What you have to do: In your reply, repeat the full listing exactly and leave each picture out.

Data for this task:
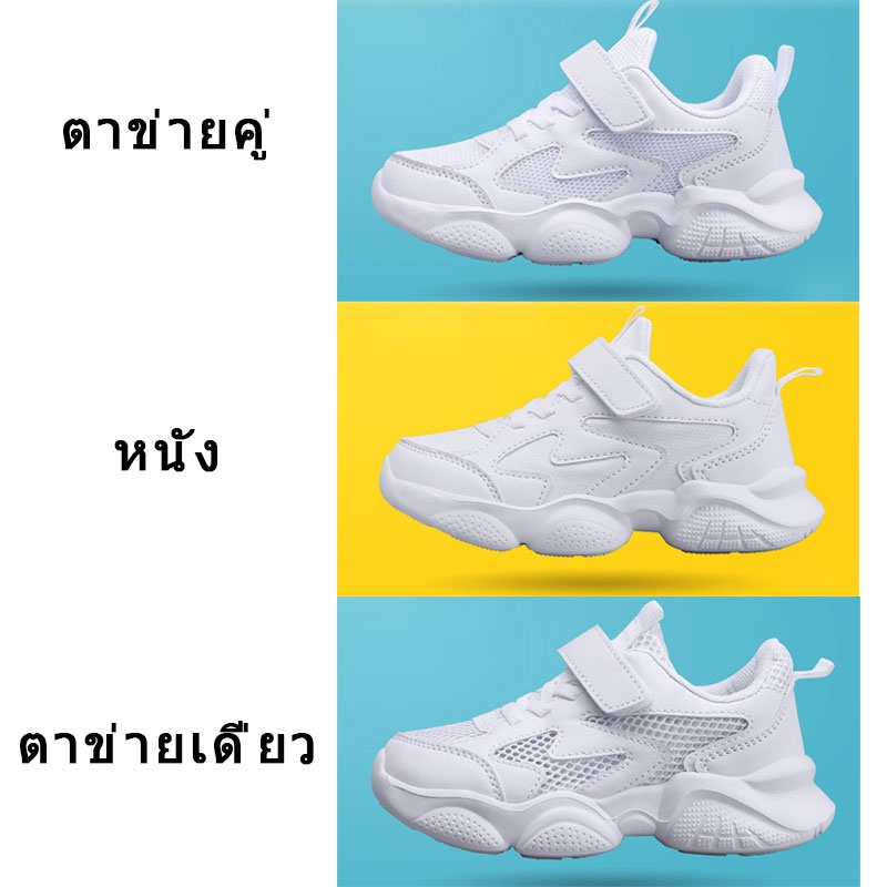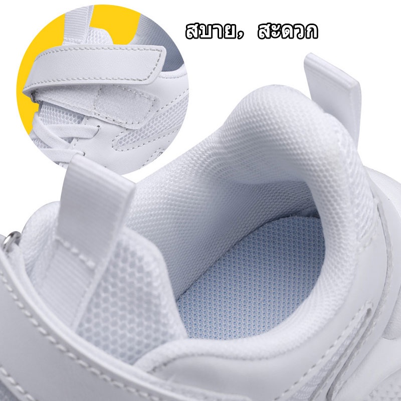 รองเท้าผ้าใบเด็ก นักเรียน สีขาว ตาข่าย เด็กชายและเด็กหญิง รองเท้าวิ่ง ระบายอากาศได้ สบาย
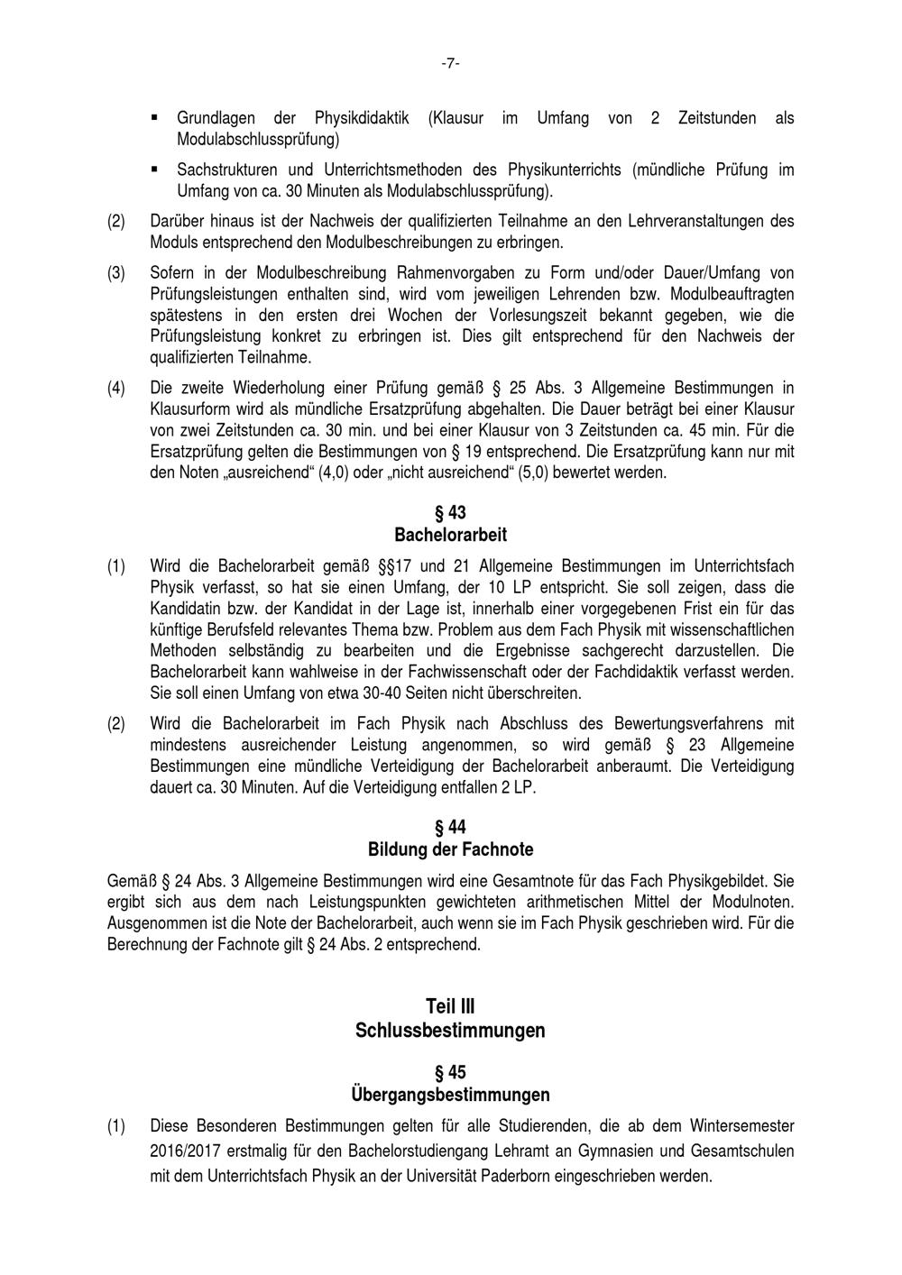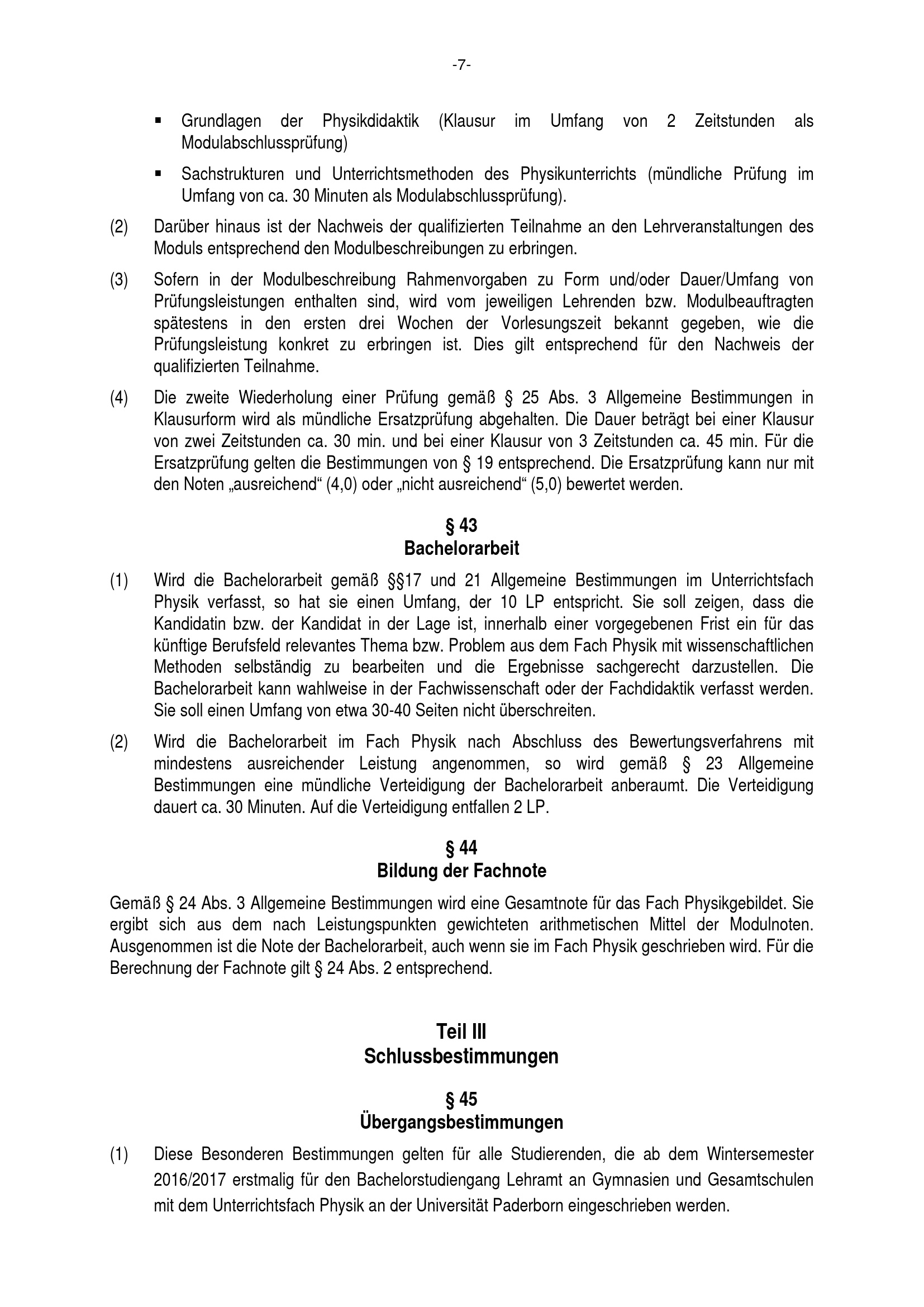 Besondere Bestimmungen der Prüfungsordnung für den Bachelorstudiengang Lehramt an Gymnasien und Gesamtschulen mit dem Unterrichtsfach Physik an der Universität Paderborn : vom 29. Juli 2016
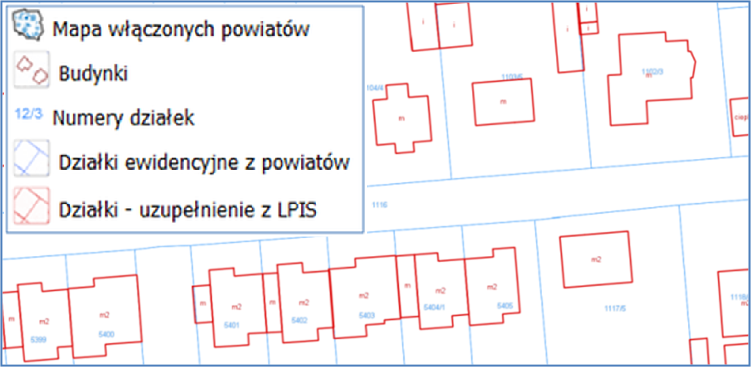 - KrajowaIntegracjaEwidencjiGruntów – najważniejsza usługa obejmująca dane ewidencji gruntów i budynków z ponad 290 powiatów. Typowy wygląd informacji publikowanej w usłudze to działki i budynki.
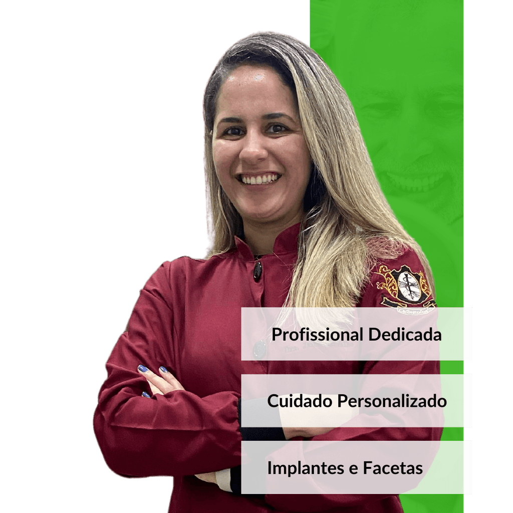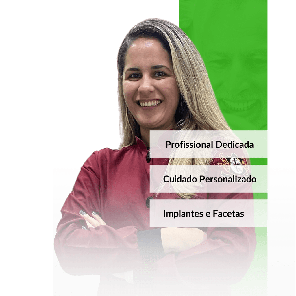 Cada sorriso é tratado com cuidado e atenção personalizados. Sou altamente qualificada e comprometida com a excelência, ofereço cuidados odontológicos em facetas e implantes dentários que vão além das expectativas, proporcionando uma experiência única e satisfatória para cada paciente.
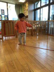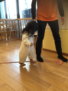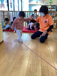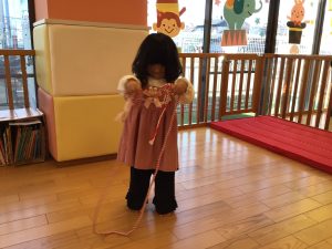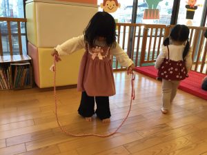 保育士の真似をしながら、縄跳びもできるよ![]()
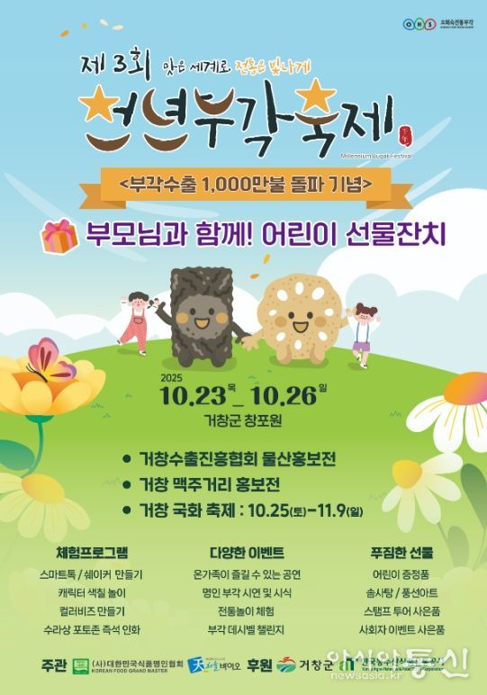 한국 전통 스낵 ‘부각’을 주제로 전시·체험·공연이 어우러진 산업·문화 융합형 축제로, 남녀노소 누구나 무료로 즐길 수 있다. 이번에는 사단법인 대한민국식품명인협회와 ㈜하늘바이오농업회사법인이 공동 주관하고, 거창군과 한국농수산식품유통공사(aT)가 후원한다.

Answer section:
 รองเท้าผ้าใบเด็ก นักเรียน สีขาว ตาข่าย เด็กชายและเด็กหญิง รองเท้าวิ่ง ระบายอากาศได้ สบาย
 Besondere Bestimmungen der Prüfungsordnung für den Bachelorstudiengang Lehramt an Gymnasien und Gesamtschulen mit dem Unterrichtsfach Physik an der Universität Paderborn : vom 29. Juli 2016
 - KrajowaIntegracjaEwidencjiGruntów – najważniejsza usługa obejmująca dane ewidencji gruntów i budynków z ponad 290 powiatów. Typowy wygląd informacji publikowanej w usłudze to działki i budynki.
 Cada sorriso é tratado com cuidado e atenção personalizados. Sou altamente qualificada e comprometida com a excelência, ofereço cuidados odontológicos em facetas e implantes dentários que vão além das expectativas, proporcionando uma experiência única e satisfatória para cada paciente.
 保育士の真似をしながら、縄跳びもできるよ![]()
 한국 전통 스낵 ‘부각’을 주제로 전시·체험·공연이 어우러진 산업·문화 융합형 축제로, 남녀노소 누구나 무료로 즐길 수 있다. 이번에는 사단법인 대한민국식품명인협회와 ㈜하늘바이오농업회사법인이 공동 주관하고, 거창군과 한국농수산식품유통공사(aT)가 후원한다.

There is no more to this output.